While the proof for this is hard to discern and to distinguish from studies suggesting a city would lose no economic development capital from losing a team, this impact is wholly independent from economic development as conventionally defined. How many people and companies, for instance, might pick Tulsa as a place to land over seemingly similar Oklahoma City if Oklahoma City weren’t distinguished as a major league city by virtue of its relationship with the NBA? In the case of baseball, a look at the last five major expansion moves – in 2005, 1998, 1993, the 1970s, and the 1950s – suggests there has been a difference in the years following the move between the cities that got teams in each instance and those that didn’t. Aggregately, cities that successfully landed expansion teams grew more quickly over the one to three decades after acquiring a team than those that they beat out, and also grew more quickly relative to their prior growth rates. While a city is only usually even considered for a major league team after a period of rapid growth, cities that have landed teams have generally continued to grow, while those that lost out often saw their growth trajectories cool. While the numbers aren’t eye-popping, they are noticeable. A city that grows its population by 9% in a decade, as have cities on average who landed a team in the decade after they landed it, is generally adding hundreds of thousands of new residents more than a city that grows by 4%, the typical rate for cities have tried, and subsequently failed, to attract a major league team.
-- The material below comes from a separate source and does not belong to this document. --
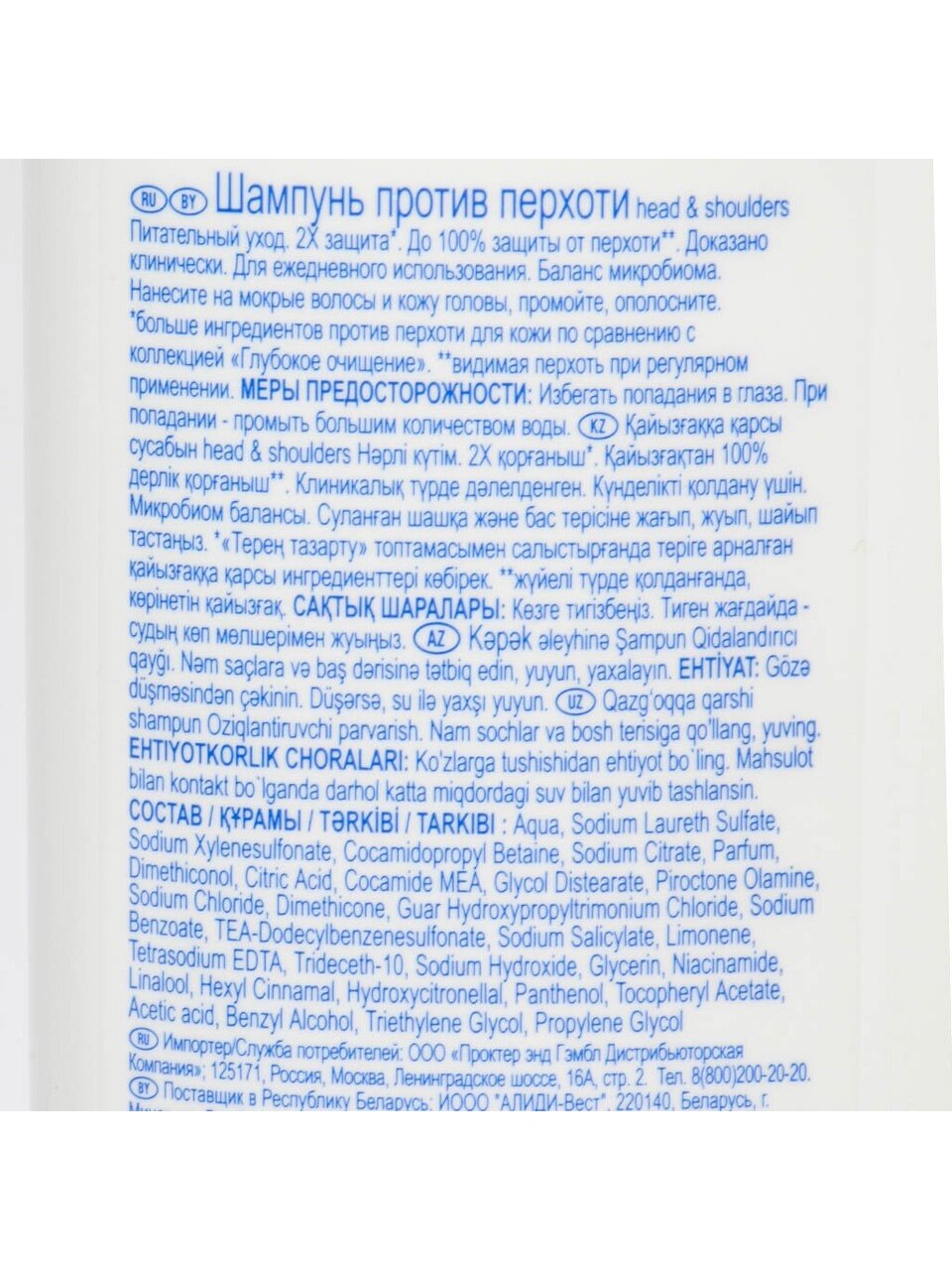 Шампунь Head & Shoulders, Питательный уход, против перх, 360 мл — эффективное средство для ежедневного ухода за волосами и кожей головы, разработанное для борьбы с перхотью и поддержания здоровья волос. Формула шампуня направлена на интенсивное питание и увлажнение, что особенно актуально для жителей России, где переменчивый климат и отопительный сезон могут негативно сказываться на состоянии волос и кожи головы. Приятная текстура и удобный объем 360 мл делают выбор шампуня Head & Shoulders оптимальным для использования в домашних условиях, а также для дачи.

Such growth differences are often key in attracting other civic “wins”, including conventions, artists, and cultural leaders.

While it’s not exactly an airtight piece of math, there is a case to be made that keeping up with the Joneses when it comes to baseball is critical to urban success more generally. Consider, on the whole, the economic fortunes of those that have sought baseball and won – Denver, Washington, Miami, Phoenix, Tampa, San Diego, Toronto, San Francisco, Los Angeles, Dallas, Houston, Seattle, Minneapolis, and Atlanta – with those who were considered but failed – Norfolk, Oklahoma City, Las Vegas, Sacramento, Charlotte, Buffalo, Nashville, and Orlando – over the last 50 years. While many in both groups have been successful, the former group has achieved greater growth and status on the international stage in virtually every area.

That having a team is important to civic fortunes is a tough case to argue, but not an unreasonable one. That having a team that keeps up with the Joneses also requires using public dollars to help pay for a stadium that keeps up, especially in an era when stadiums have gotten so much more expensive, is a tougher case. Despite the fact that ballot referendums on the subject typically lose, nearly every team has convinced its civic leaders that this is the way to move forward.